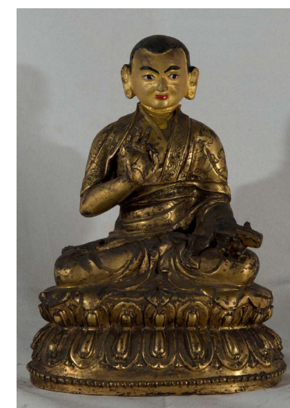
Fig. 12 Drogmi Lotsawa Shakyas Yeshe (992–1072) commissioned by Lodro Gyaltsen Mustang, late 15th century Gilt bronze, 19 x 14 x 11 cm Namgyal monastery

The most valuable of these are three 11th century sculptures from West Tibet forming a triad of Shakyamuni flanked by Avalokiteshvara and Vajrapani (Fig. 6). This triad was originally attached to one stand that is not preserved, which made the photography of the figures rather challenging. Slightly larger than the other images, the central Shakyamuni wears a triple crescent crown and a three-pointed cape, both features adopted from earlier Kashmiri examples. Avalokiteshvara holds a large lotus in his left hand at the stalk, and Vajrapani holds an only half-preserved vajra horizontally in his right. Together these images
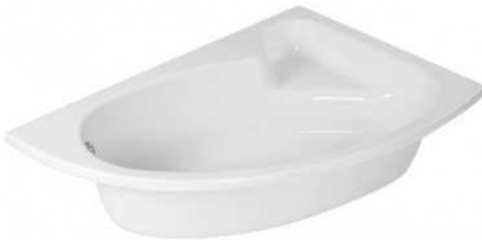
Corner Bath Main En-suite
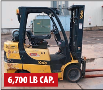
YALE GLC070VXNVSF0088 LP FORKLIFT

How to complete this task: In your reply, please print exactly the lines from the one with "Corner Bath Main En-suite" through the final line of the listing above, both included, and no pictures.

Task output:
Corner Bath Main En-suite
YALE GLC070VXNVSF0088 LP FORKLIFT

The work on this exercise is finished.